After being orphaned, 17 year old Andy (Billy Barratt) and his partially sighted step-sister Piper (Sora Wong) are sent to live with Laura (Sally Hawkins), a former counsellor who is recovering from the death of her daughter and who also fosters a mute boy named Oliver (Jonah Wren Phillips). Andy struggles to settle in as he becomes increasingly unsettled by Laura and Oliver’s strange behaviour.
The Phillippou brothers brought us the well received Talk to Me a couple of years ago and the critical reception for Bring Her Back has exceeded the one for that. I can understand why, as this is a deeply unsettling film. I have not felt so unnerved in a cinema since seeing Midsommar in 2019.
It has enough bloody moments, and times when I could no longer look at the screen, to satisfy gore fans. But there is much more to the story than that. At its core, it is a study of grief and how it can consume you, making you act irrationally. It also touches on the long term effects of childhood abuse.
Hawkins is scarily brilliant as a previously caring and successful woman driven insane by the death of her daughter. Wong is terrific too as the kind Piper and she shares a nice chemistry with Barratt who is good as the protective Andy.

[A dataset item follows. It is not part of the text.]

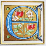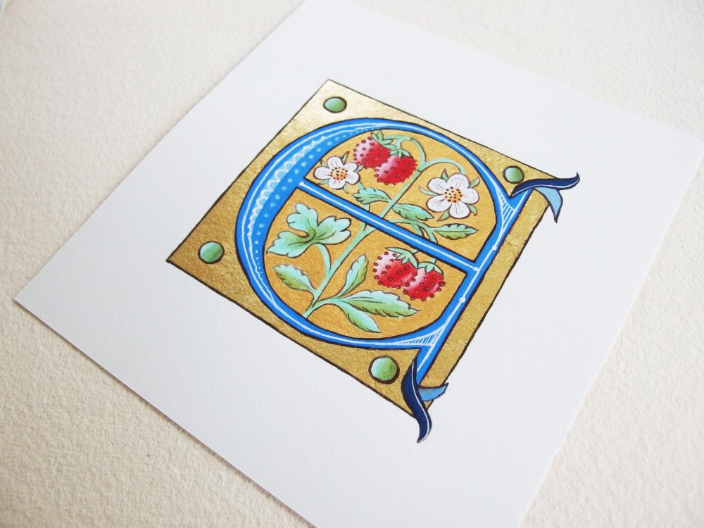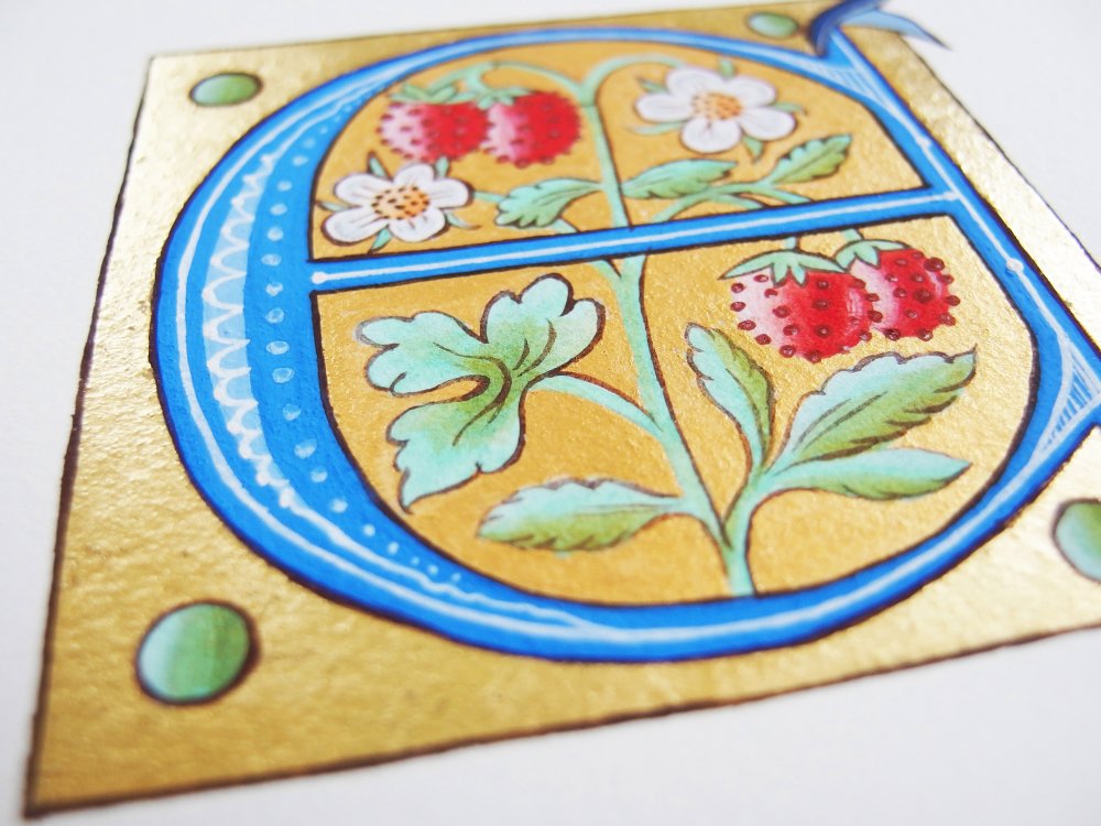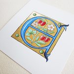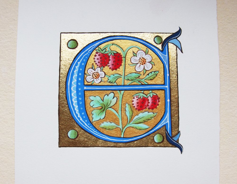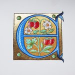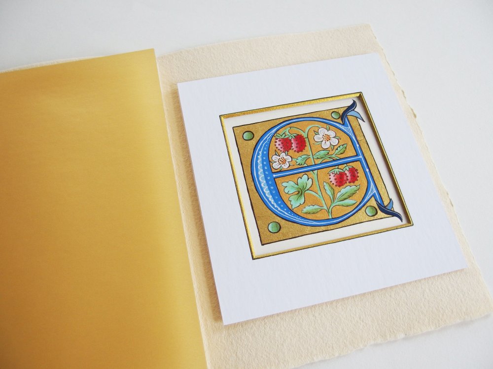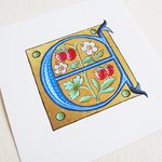 Enluminure, Lettrine E, Enluminure sur Papier, Lettrine Initiale E, Elumlnure Originale, Enluminure Or Véritable et Pigments, Enluminure Renaissance, Enluminure 16Eme Siècle

The only part of this intense movie that I did not find satisfying are the scenes of a blood thirsty, cannibalistic cult, watched by Laura on old videotapes, that give her inspiration to act in the way she does. I felt that needed more explanation. Where did the footage come from? How did Laura get the recordings? It felt like something out of a more conventional horror movie.
But that was only a small part of Bring Her Back, which left me thinking and more than a little discombobulated.